▶ **Exercise description**:
Everything below from the line with "Oboustranná tvrdost pružinové" through the line with "通过分析12星座用户对手游资" should be copied exactly, and nothing else; leave out the pictures.

━━━━━━━━━━━━━━━━━━━━

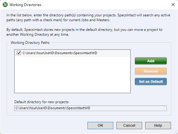 The Working Directories window is utilized to configure and manage project Working Directories, offering capabilities to add, remove, and designate a default. The Working Directories are an integral component of SpecsIntact, serving as the repository for all Jobs and Masters. The system allows the configuration of one or multiple Working Directories, each designed with a distinct internal structure for storing Jobs, Masters, Templates, and Exports.
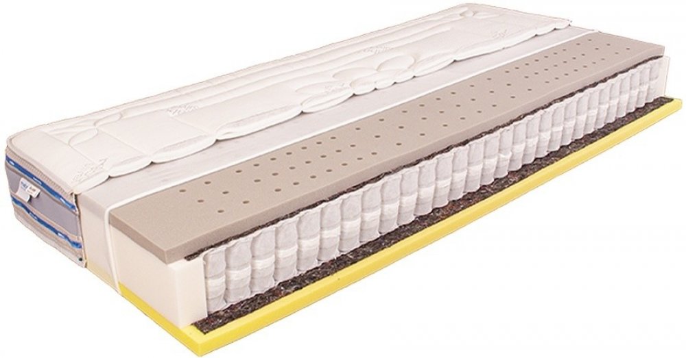 Oboustranná tvrdost pružinové matrace, která Vám zajistí pohodlný spánek. Matrace Mabo Venta MEDIUM 85 x 200 cm Kvalitní pružinová matrace s jádrem z taštičkových pružinek (380 ks pružinek). Pro lehací vrstvy jsou použity antibakteriální pěny gramáže 40 kg/m3 s výškou 3 cm a antibakteriální viscoelastická-líná pěna s technologií SILVER-IONS s účinným termoregulačním účinkem s výškou 3 cm. Tyto leh...
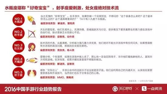 通过分析12星座用户对手游资讯的关注度看到,“好奇宝宝”水瓶座最爱玩儿手游。在手游中,如果你被一个玩家抓住,不停问你“这个装备怎么来的?这个副本你怎么过的?这个道具哪里来的?”TA十有八九是个水瓶座。
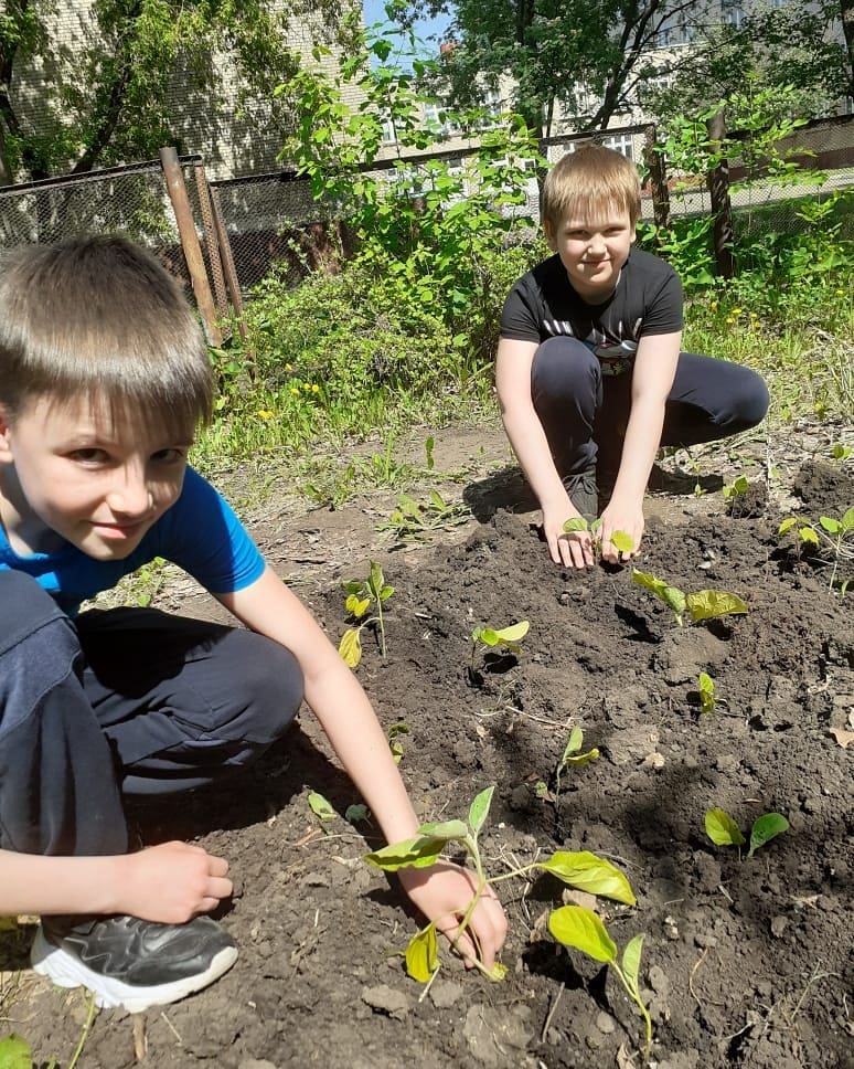 Учащиеся 3 В класса на занятиях по внеурочной деятельности "Путешествие в мир экологии" совместно с классным руководителем М.Н. Кадриевой выращивали рассаду в своём школьном кабинете, а сегодня, в конце учебного года, ребята начали высаживать их на пришкольном огороде. -
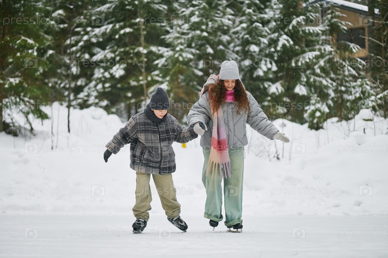 Женщина помогает молодому мальчику кататься на коньках в открытом воздухе зимой
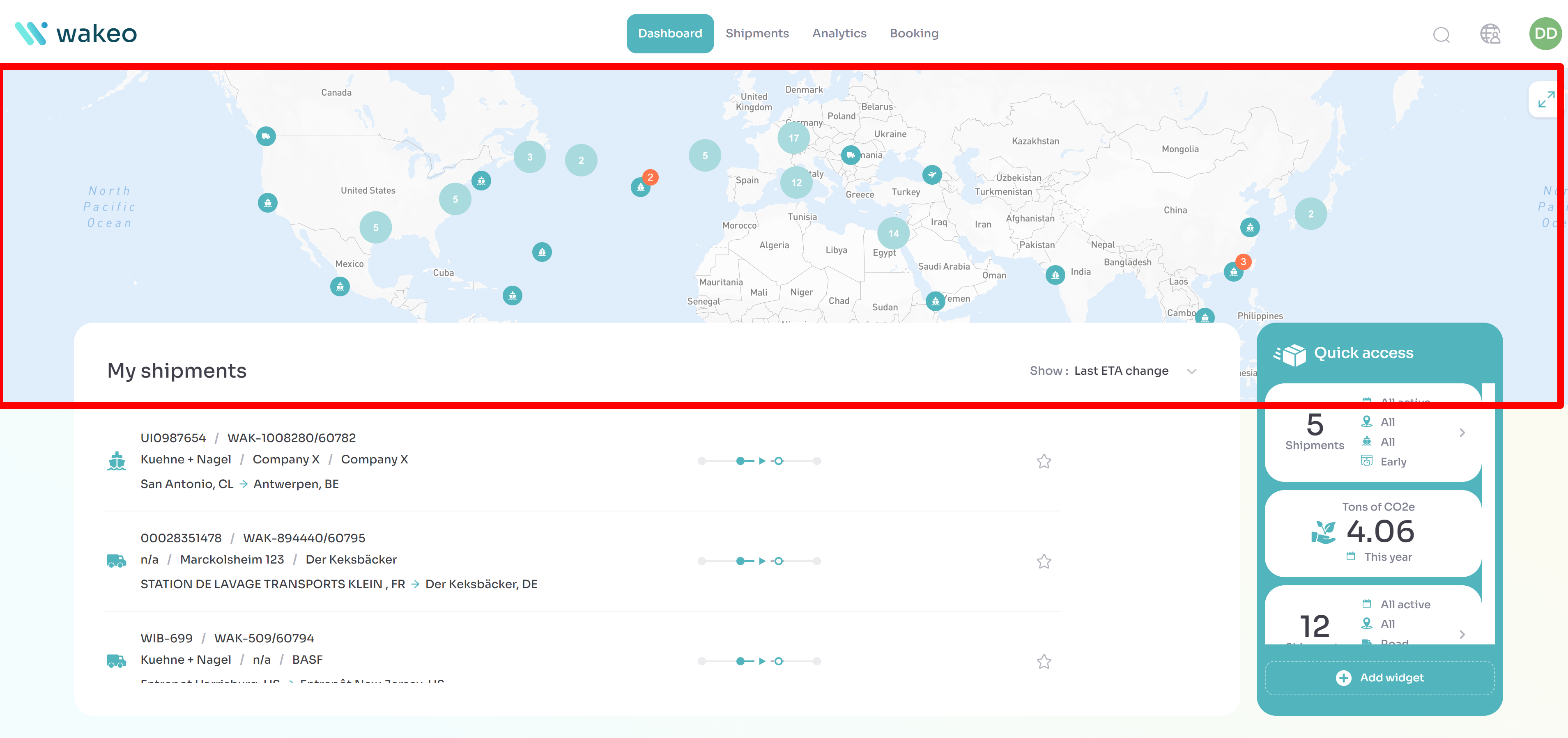 Auf der Seite „Dashboard“ steht eine Karte aller aktiven Sendungen zur Verfügung.

━━━━━━━━━━━━━━━━━━━━

▶ **Expected answer**:
 Oboustranná tvrdost pružinové matrace, která Vám zajistí pohodlný spánek. Matrace Mabo Venta MEDIUM 85 x 200 cm Kvalitní pružinová matrace s jádrem z taštičkových pružinek (380 ks pružinek). Pro lehací vrstvy jsou použity antibakteriální pěny gramáže 40 kg/m3 s výškou 3 cm a antibakteriální viscoelastická-líná pěna s technologií SILVER-IONS s účinným termoregulačním účinkem s výškou 3 cm. Tyto leh...
 通过分析12星座用户对手游资讯的关注度看到,“好奇宝宝”水瓶座最爱玩儿手游。在手游中,如果你被一个玩家抓住,不停问你“这个装备怎么来的?这个副本你怎么过的?这个道具哪里来的?”TA十有八九是个水瓶座。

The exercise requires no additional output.